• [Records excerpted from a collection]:

------------------------------------------------

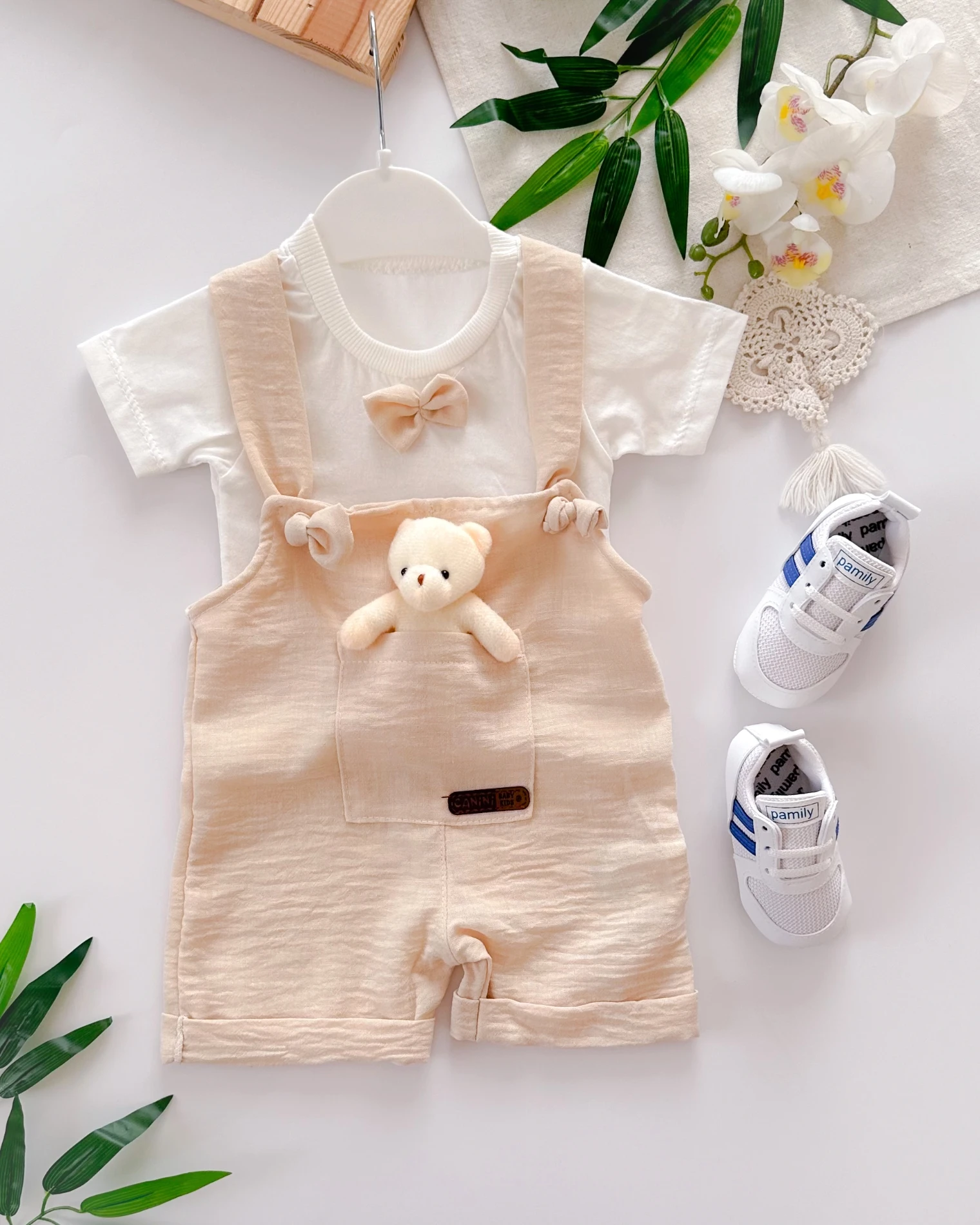 Çıkarılabilir oyuncak ayıcıklı papyonlu yazlık muslin 2li salopet set
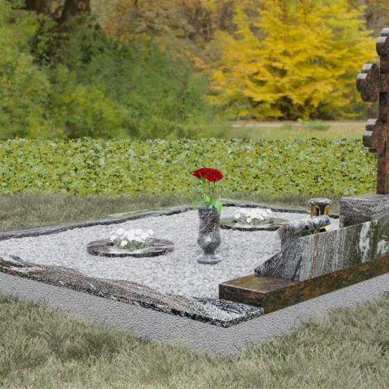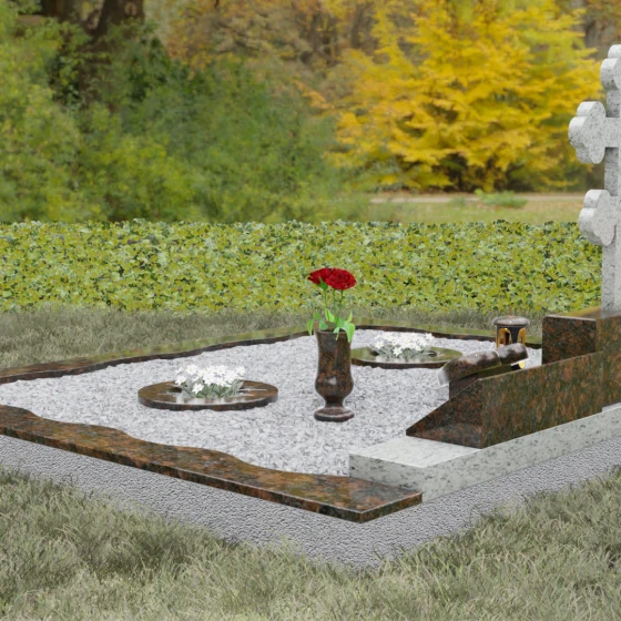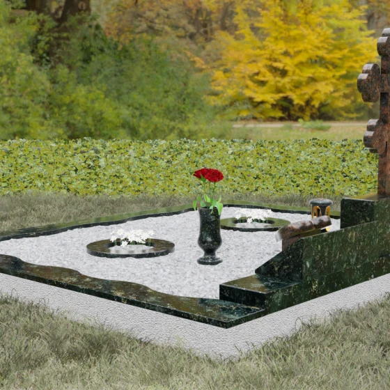 Данное надгробие спроектировано как полноценная архитектурная форма для семейного захоронения. Оно включает в себя не только стелы, но и комплексное благоустройство участка, обеспечивающее надежность и эстетичный вид на десятилетия:
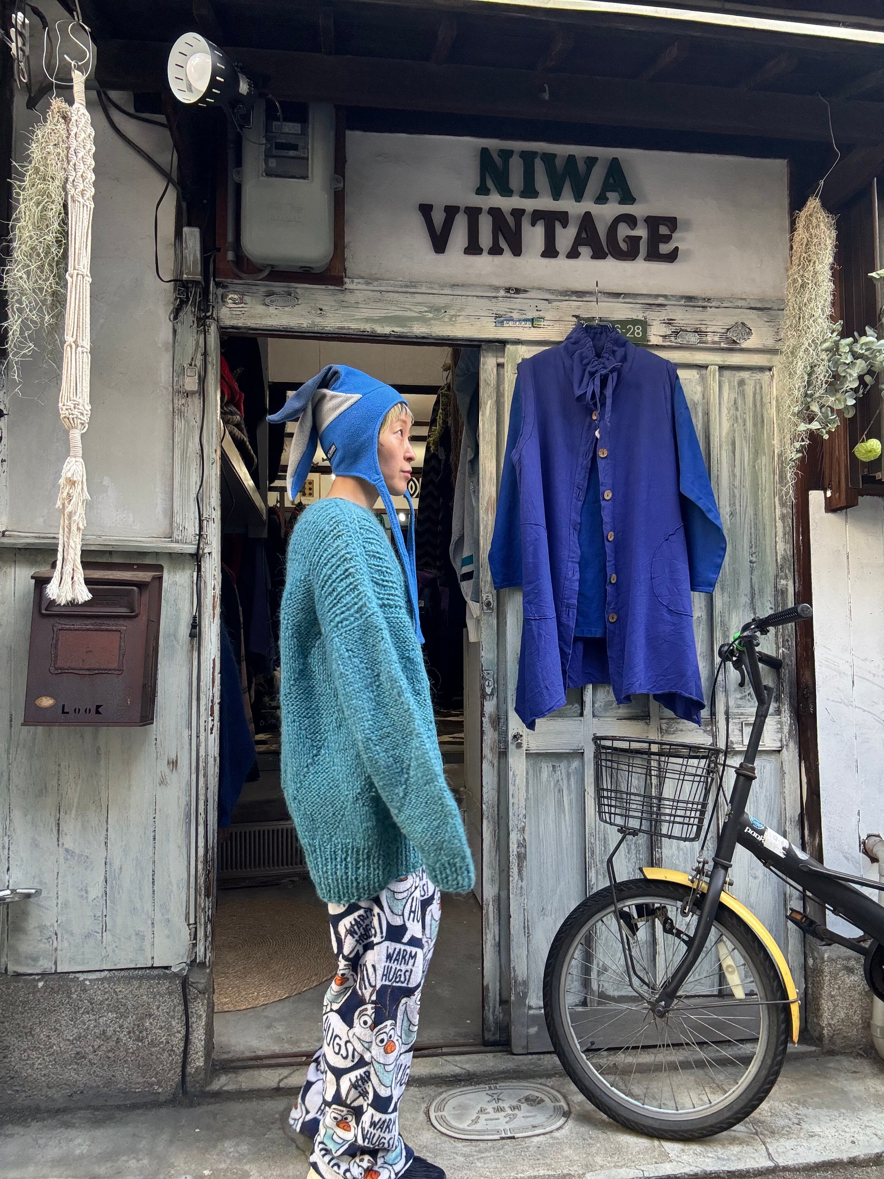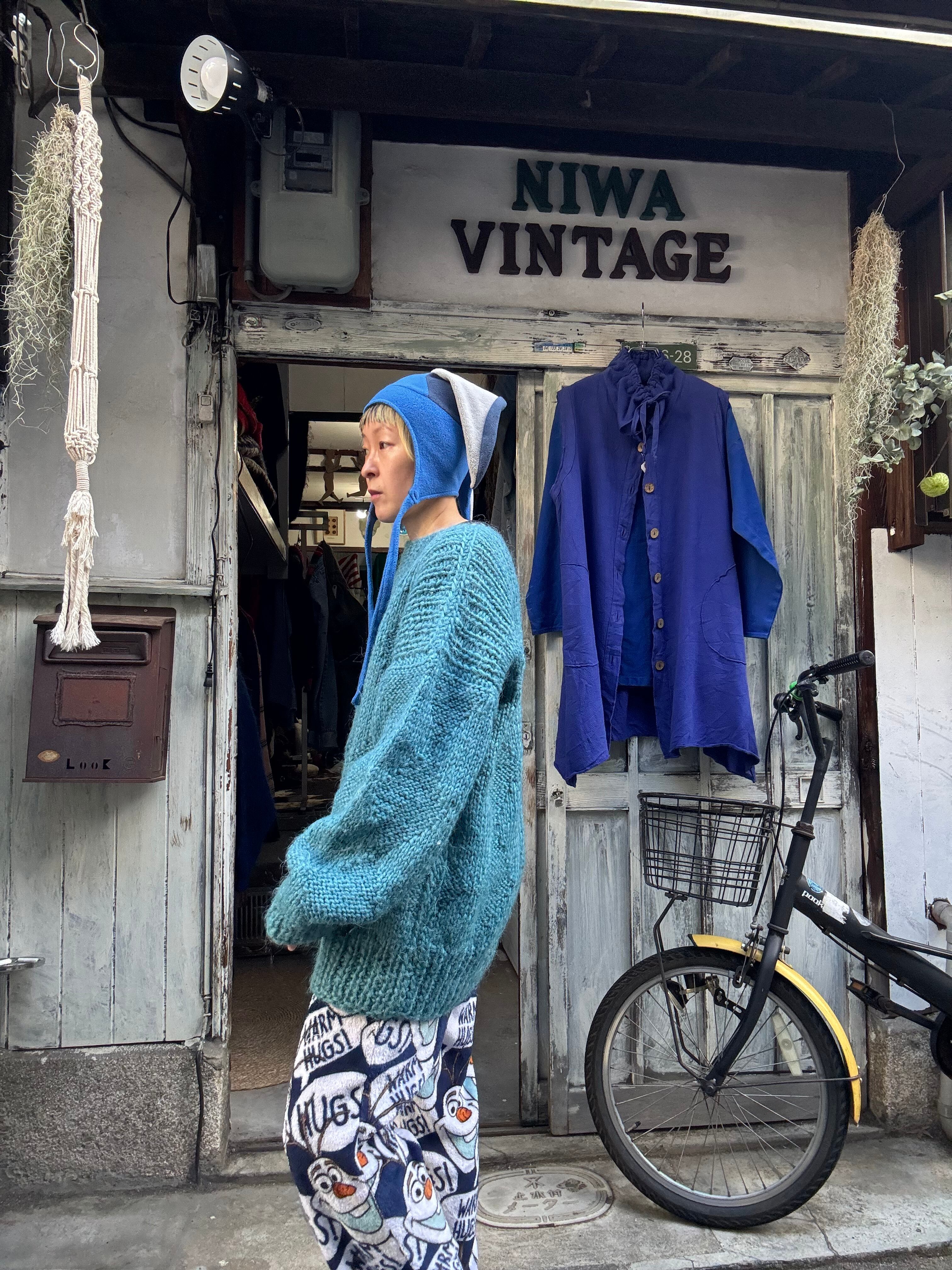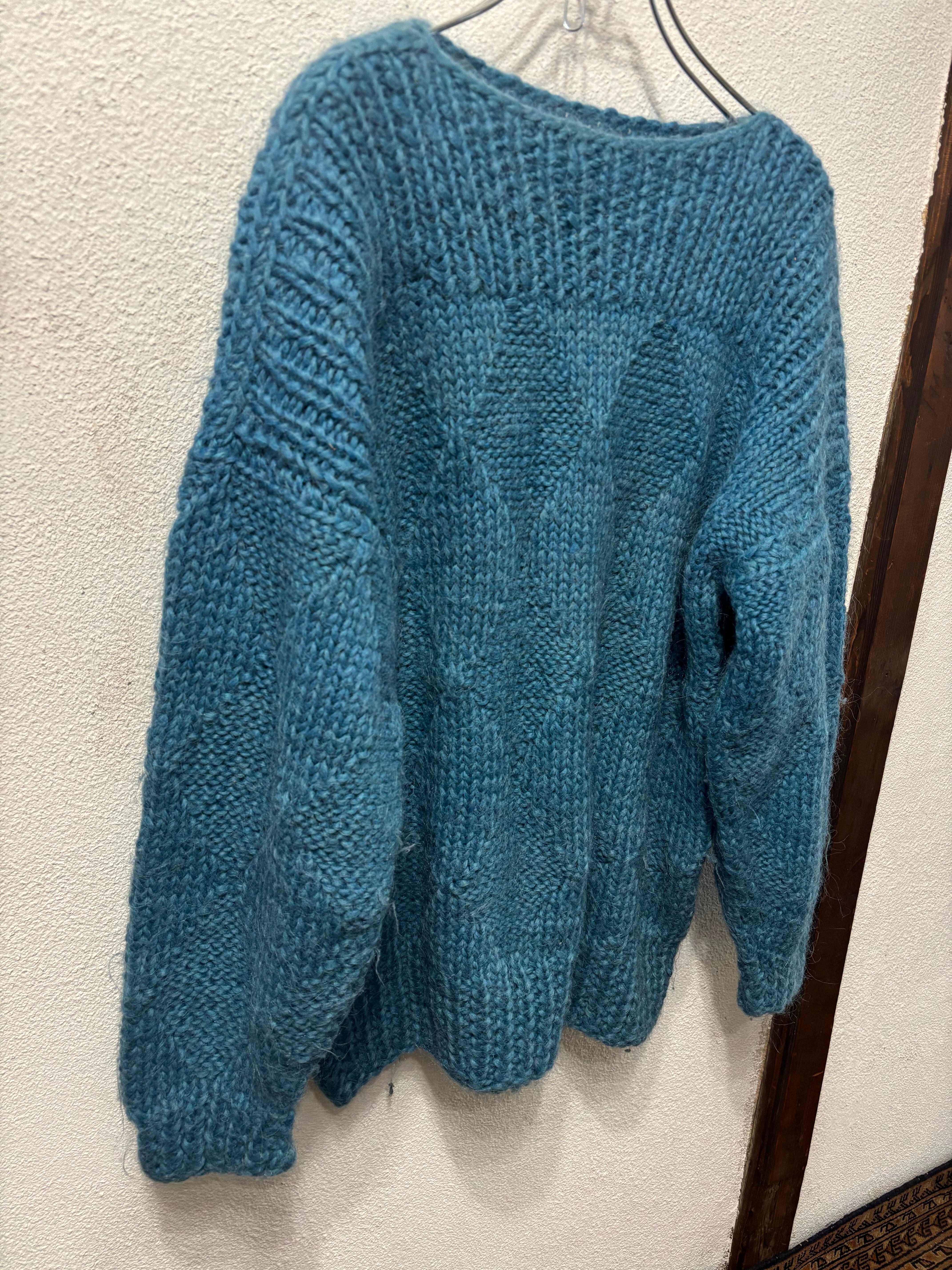 太めのウール毛糸で編まれたhand Knitのセーター。
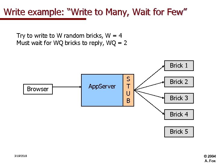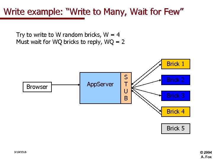 Write example: “Write to Many, Wait for Few” Try to write to W random bricks, W = 4 Must wait for WQ bricks to reply, WQ = 2 Brick 1 Browser App. Server S T U B Brick 2 Brick 3 Brick 4 Brick 5 3/19/2018 © 2004 A. Fox
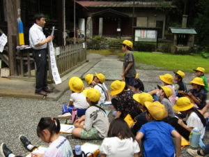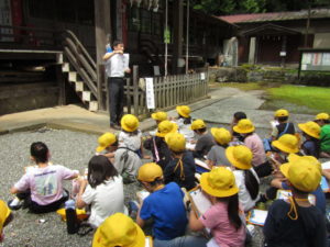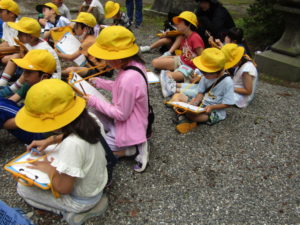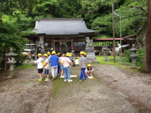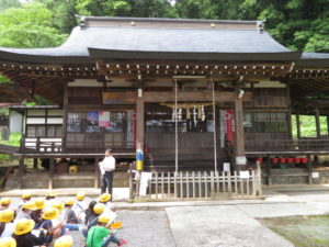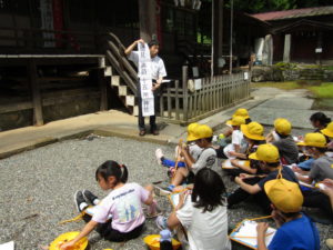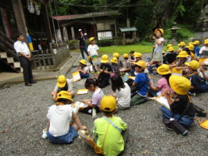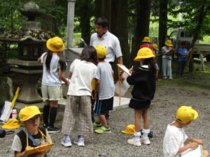 2年生の校外学習では、上条方面に歩いて出かけました。目的地は、穂見諏訪十五所神社です。氏子総代長の小尾宗彦先生に神社の歴史や、行事などについて教えていただきました。学校の近くの神社なので、「行ったことはある」「お祭りに参加している」と言っていた子も多かったです。しかし、いろいろと話を聞いてみると、知らないことがたくさんありました。神社境内の涼しげな雰囲気の中で、たくさん学ぶことができた校外学習になりました。

------------------------------------------------

• [TASK STATEMENT]: Exact repetition is the task: every line from the start of the data to the line with "太めのウール毛糸で編まれたhand Knitのセーター。", inclusive, and none after it, pictures omitted.

• [SOLVED EXERCISE]:
 Çıkarılabilir oyuncak ayıcıklı papyonlu yazlık muslin 2li salopet set
 Данное надгробие спроектировано как полноценная архитектурная форма для семейного захоронения. Оно включает в себя не только стелы, но и комплексное благоустройство участка, обеспечивающее надежность и эстетичный вид на десятилетия:
 太めのウール毛糸で編まれたhand Knitのセーター。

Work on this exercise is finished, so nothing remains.